> **HOW TO COMPLETE THIS TASK**:
Include in the reply only the lines from the start of the data below through the line containing "4. 부지를 구매했다면", reproduced exactly and with no pictures.

> **INFORMATION SHOWN**:
-------------------------
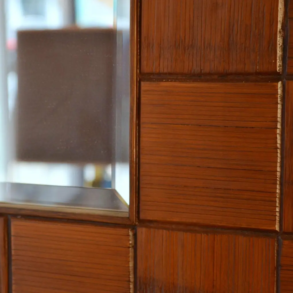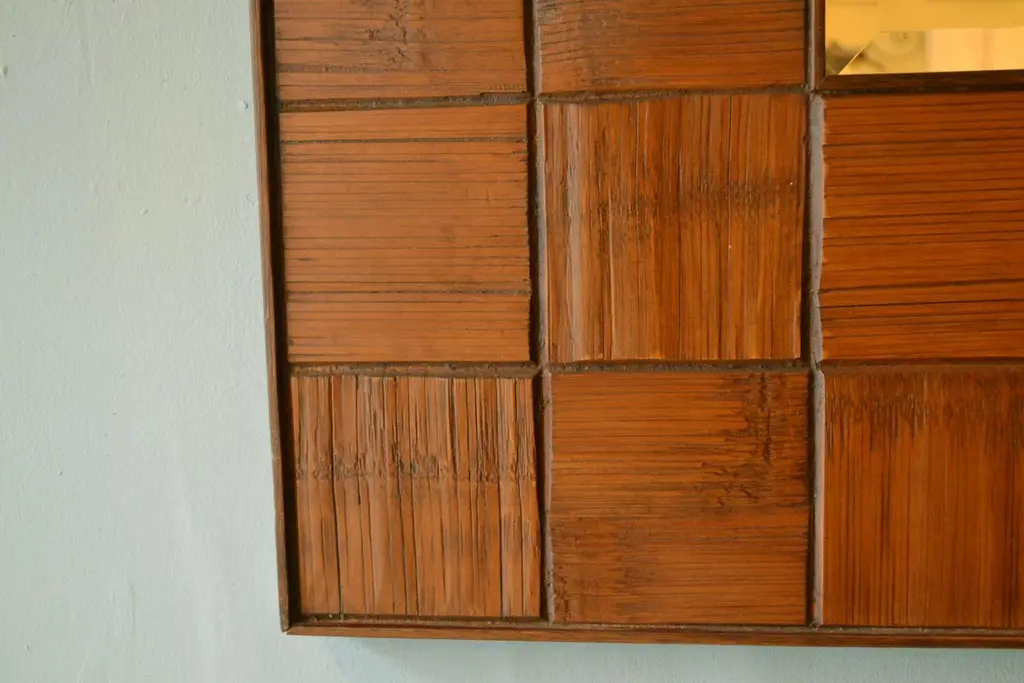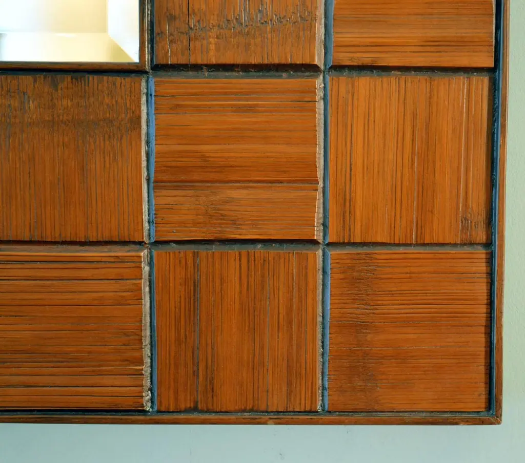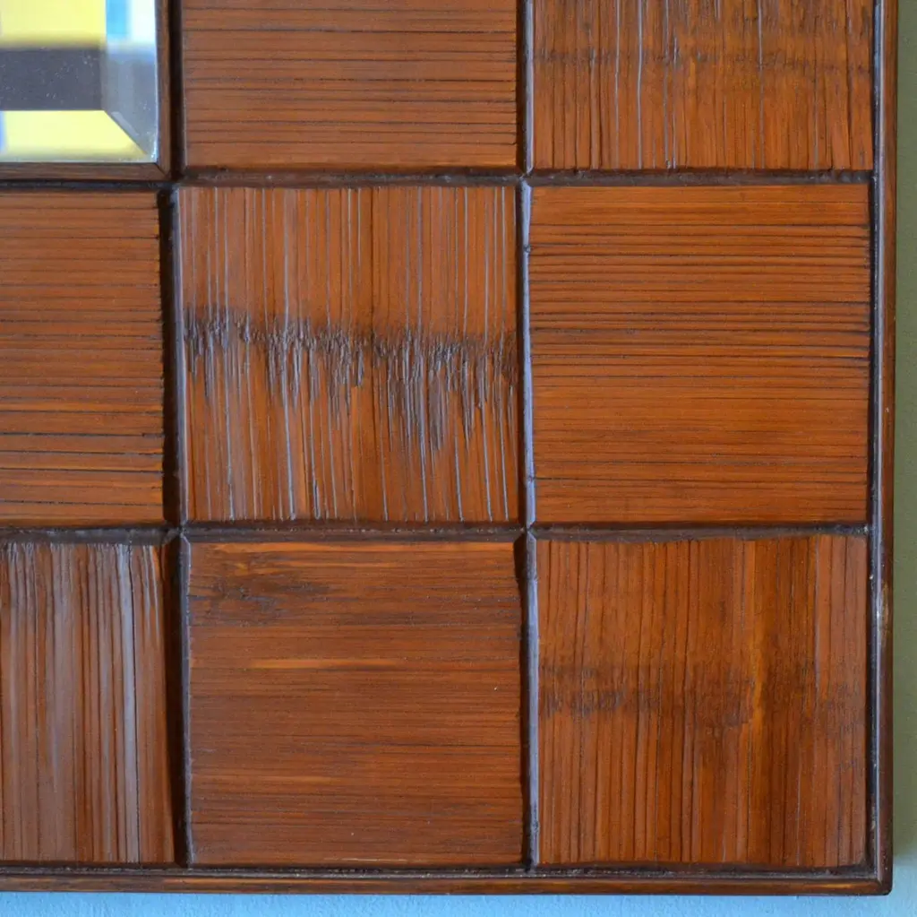 Pair of square mirrors with a wide decorative hand carved walnut border with a textural relief in horizontal and vertical relief squares. The quality square mirrors are bevelled. (dimensions; 29 x 29 cm), made in Italy 1960's signed GJ., Italy 1960's
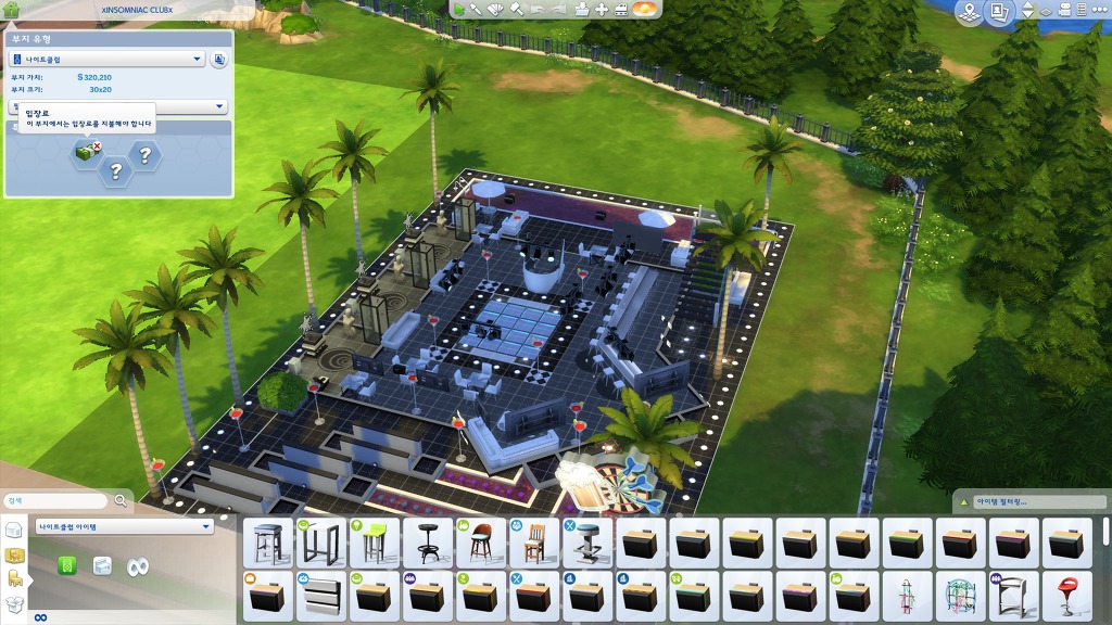 4. 부지를 구매했다면 건축모드로 들어가 부지특성에서 '입장료'특성을 넣어줍니다.
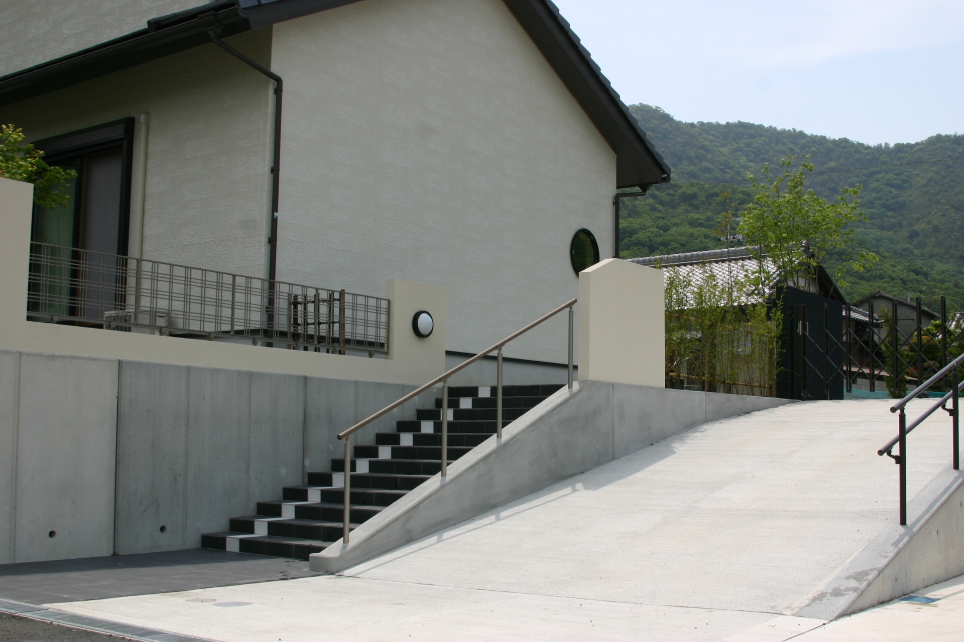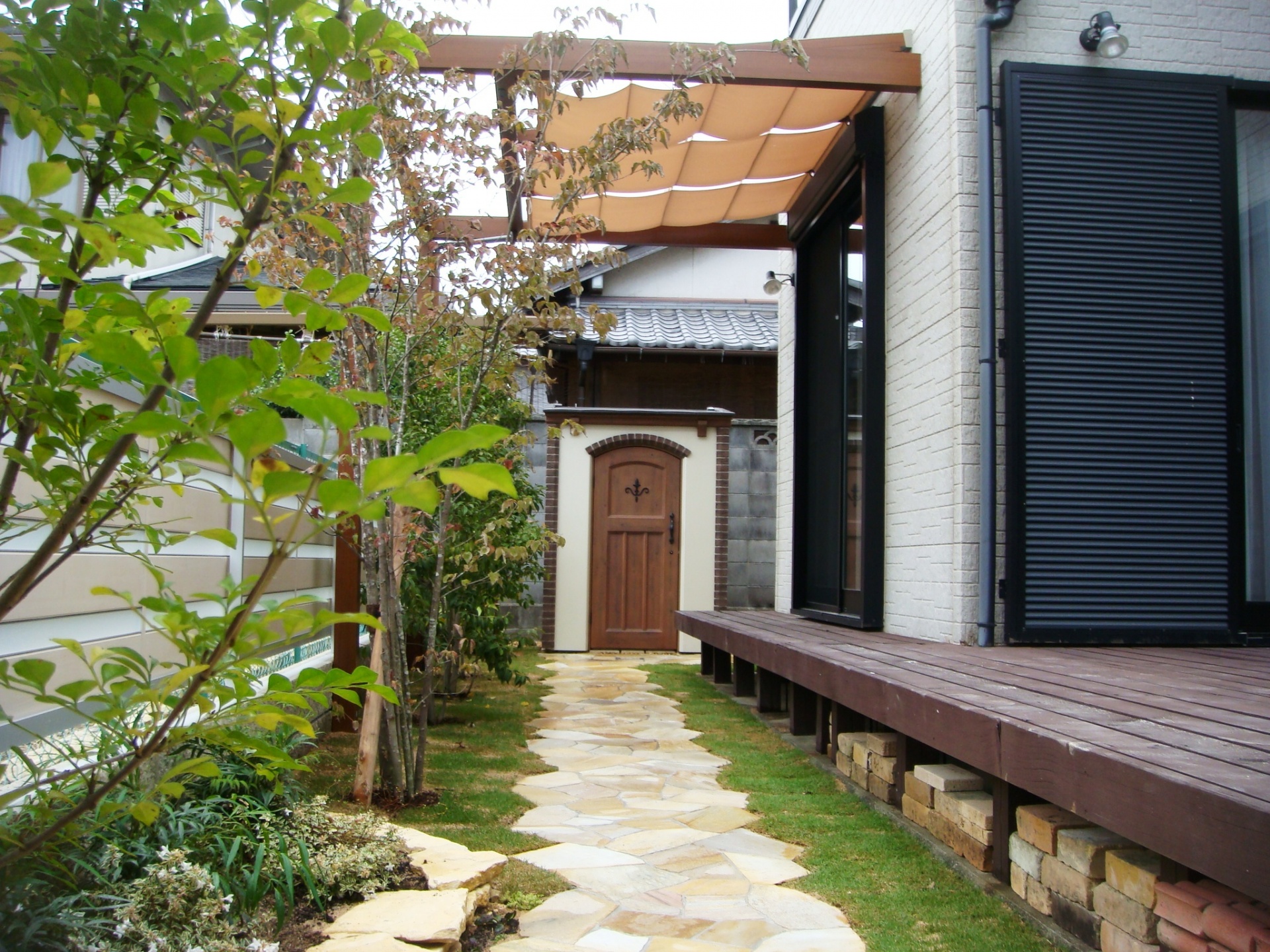 施工実績 相生市新築外構 和モダンエクステリア 門柱はL型に配置しドイツ製ポストがアクセントになっています。ブラックとべージュ色のタイルの組み合わせのデザインとなっています。 アプローチ階段はブラックの300角タイル貼り仕上げ。サイドにホワイトのラインがアクセントになっています。 アプローチは美浜砂利自然石洗出し仕上げ。途中和室前にはイブシブラックのレンガステップと自然石のピンコロの組み合わせです。 庭部はシンメトリーに壁を配置センターにはレッドのコルジルネを植樹。夜のライトアップが実に美しいです。 ウリンフェンスにアイボリーの吹付け仕上げの組み合わせ。レトロランプがやさしい光を放ちます。 和室前の庭も施工させていただきました。御主人お気に入りの庭にしあがり、あまりお手入れのいらないように設計させてもらいました。 お気に入りの和庭。来客者が見えるように階段横のフェンスを低めに設計。 道路からのショット。グリーンもたくさん植樹しました。
-------------------------
> **ANSWER TO THE EXERCISE**:
 Pair of square mirrors with a wide decorative hand carved walnut border with a textural relief in horizontal and vertical relief squares. The quality square mirrors are bevelled. (dimensions; 29 x 29 cm), made in Italy 1960's signed GJ., Italy 1960's
 4. 부지를 구매했다면 건축모드로 들어가 부지특성에서 '입장료'특성을 넣어줍니다.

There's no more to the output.